Our legal vocabulary also retains that archaic term “restoration of conjugal rights”, which almost seems to give legal sanction to spousal rape. How can the court order a spouse to submit to conjugal acts? Our movies and serials too often unthinkingly endorse marital rape. A woman who is raped has to be married off to her rapist. A sadist husband has to be “reformed” by his relatives and friends… he can never be dumped. In real life, women who are running away from brutal marriages are often advised by friends, family and even the police to go back and “co-operate” with their husbands and “all will be well.”

The flip side to this debate is that it has opened up the “traditionally” taboo subject of sex within a marriage. Something that we pretend doesn’t exist because women are supposed to be asexual beings with no agency over their own bodies. What recourse does a woman have if she is married off to a person whom she finds physically repulsive or if she has been coerced into marriage that involves a physical relationship she cannot tolerate? A man’s ultimate weapon is often sexual coercion. If he begins using this to punish his wife or subjugate her because she does not desire to have sex with him, she has no one to turn to.

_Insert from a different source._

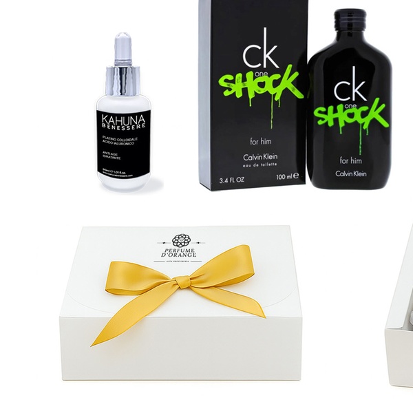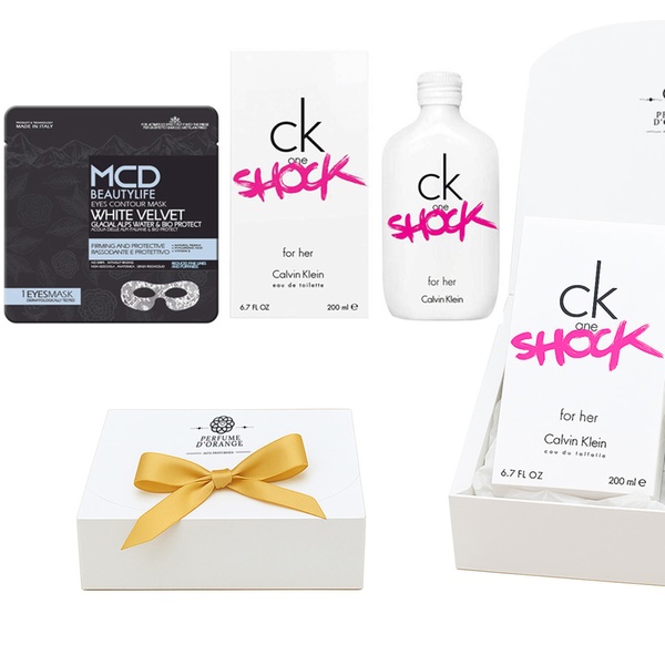 - L'iconica fragranza di Calvin Klein One Shock EDP con un siero al platino colloidale o una maschera hydrogel viso MCD Beautylife delle sorelle Buccino.

One of the arguments being used is that women can misuse such a law if it came into force and they would file false cases of rape against their husbands. Yes, possibly. Because, like marriages, women are not “sacrosanct”. They too come with failings and virtues.

The point is any law can be misused. That doesn’t mean it should not exist. It is for the judiciary to carefully examine each case and also make proper suggestions so that loopholes can be plugged.